The bunker in Granville (Manche) organised by the association Un été 44 Normandy, has upset local officials, who say that it is not what they had anticipated on agreeing to the project.

“The result does not match what we agreed on based on the historical documents,” Granville councillor Alexis Cosson-James told newspaper La Presse de la Manche.

“We had envisioned a restoration project rather than an artistic creation.”

The association responsible told The Connexion they based the paint on photographs taken from the 1950s and consulted with Architectes des bâtiments de France, the body that oversees historic buildings, before beginning the work in October.
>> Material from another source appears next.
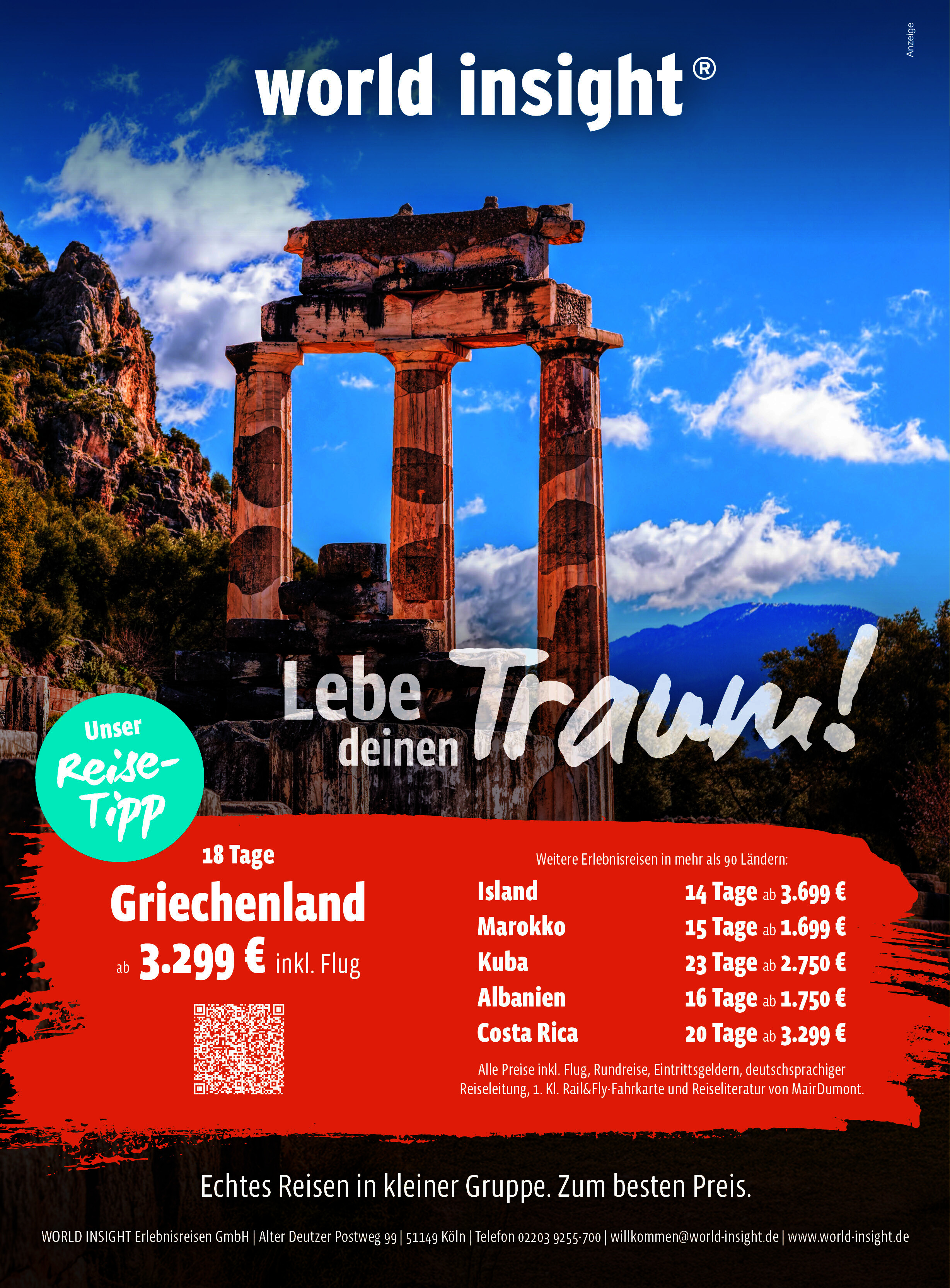 Jede Reise beginnt mit einer Inspiration - Wie kein anderes Magazin lädt der DUMONT Bildatlas mit seinen großformatigen Bildern ein, bereits vor der Reise ein bisschen zu träumen. Berührend, aufregend und spannend sind die Ideen, die wir für Sie zusammengetragen haben - machen Sie sich schon zuhause vertraut mit allem, was für Ihr Reiseziel wichtig und wissenswert ist. Wir präsentieren Ihnen das Magazin mit überarbeiteten Inhalten, einem modernen Design und zwei neuen Rubriken: "Ja, natürlich" mit zahlreichen Tipps, wie man nachhaltig unterwegs sein kann und "Urlaub erinnern" mit Andenken, Eindrücken und Erinnerungen, die unsere Autoren von ihrer Reise mitgebracht haben.
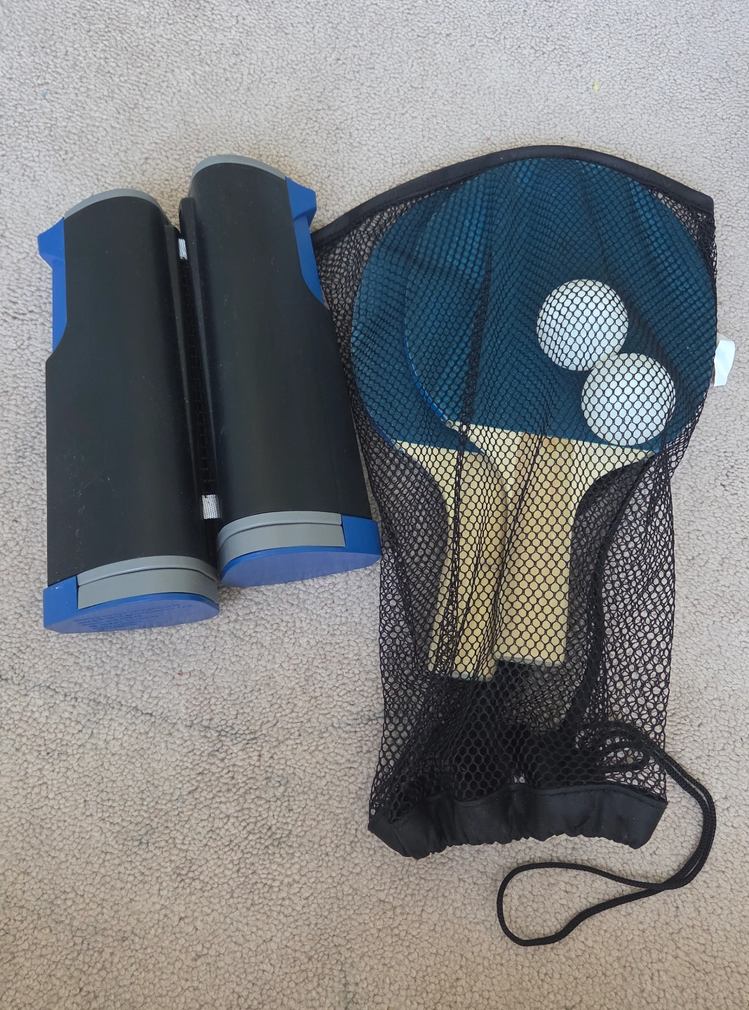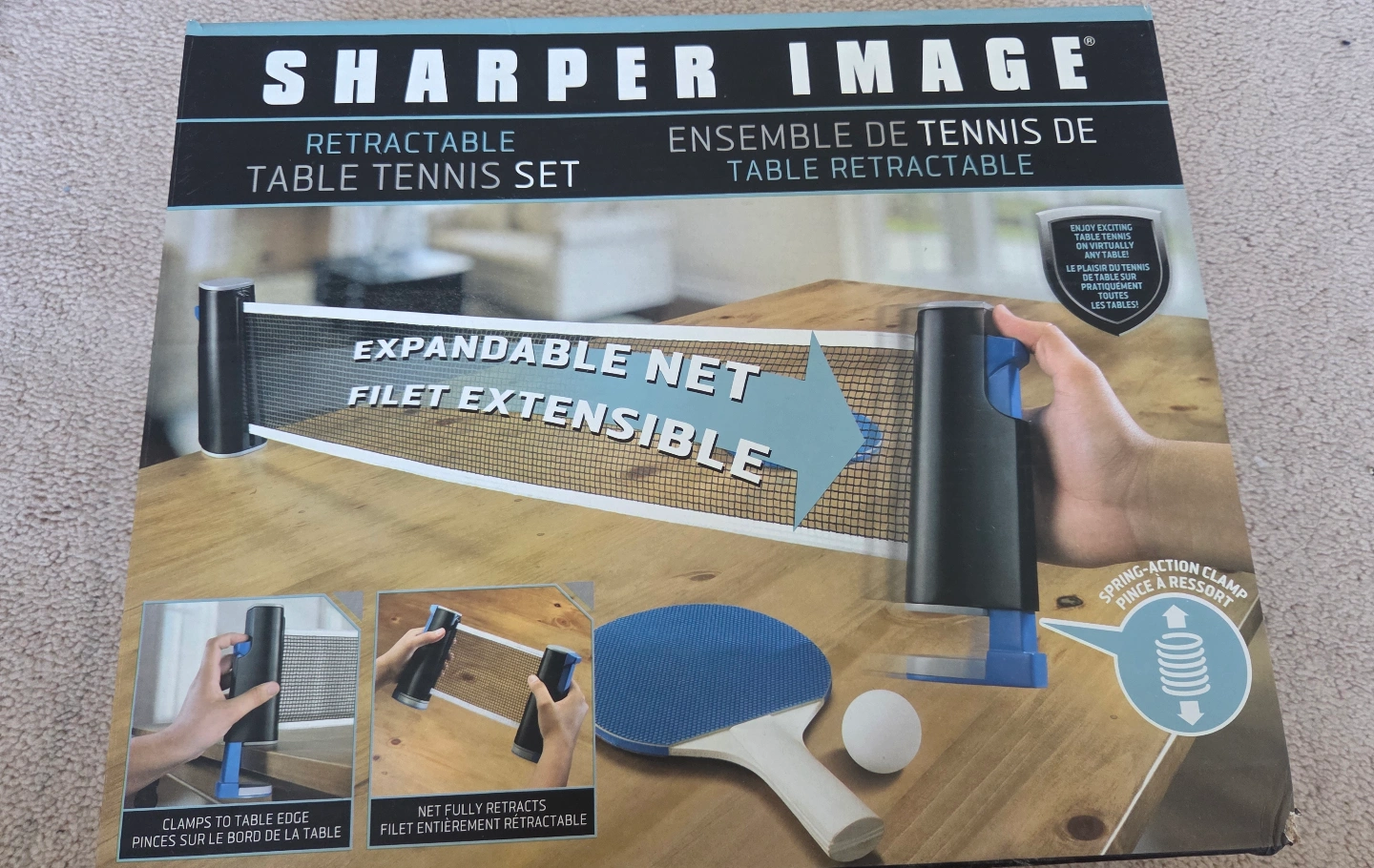 94Retractable table tennis set. Includes net, two paddles, and two balls. Expandable net, clamps to table edge. Net fully retracts. Spring-action clamp.

“Almost all of the original paint had completely disappeared, except around one of the windows,” association secretary Merwan Le Saint told The Connexion.

“The mairie isn’t happy because the remaining original paint isn’t visible anymore.”

During the Second World War, the Nazi occupiers of Normandy forced locals to paint the bunker for them, which the association hopes their repainting will help to commemorate.

“The father of one of our donors was one of the people forced by the Nazis to paint the bunker,” said association treasurer Stéphane Souvenet.

“We felt an obligation to honour their memory.”

Much of the bunker’s original paintwork was still visible in the 1950s Pic: Un Eté 44 Normandy Association

Around 12,000 bunkers were built along the coast by the Nazis, from Norway to the French Basque country, between 1942 and 1944.

In France alone, some 150,000 workers were taken on to build them, most enlisted under service du travail obligatoire (STO) rules, when thousands of French workers were forced to work for the war effort.

Read more: Painful and important history of France’s WW2 bunkers

In response to criticism from the mairie, some of the new paint has been removed, revealing the bunker’s concrete aspect.

However, the association hopes that the rest of the paint can stay, at least until the 80th anniversary of D-Day next summer.

“At the moment it’s a battle,” said Mr Le Saint. “The mairie doesn’t want to hear about keeping the paint. I’ve been in negotiations with them for days.”

“But the reaction from visitors has been positive. People are amazed that the bunker ever looked like this.”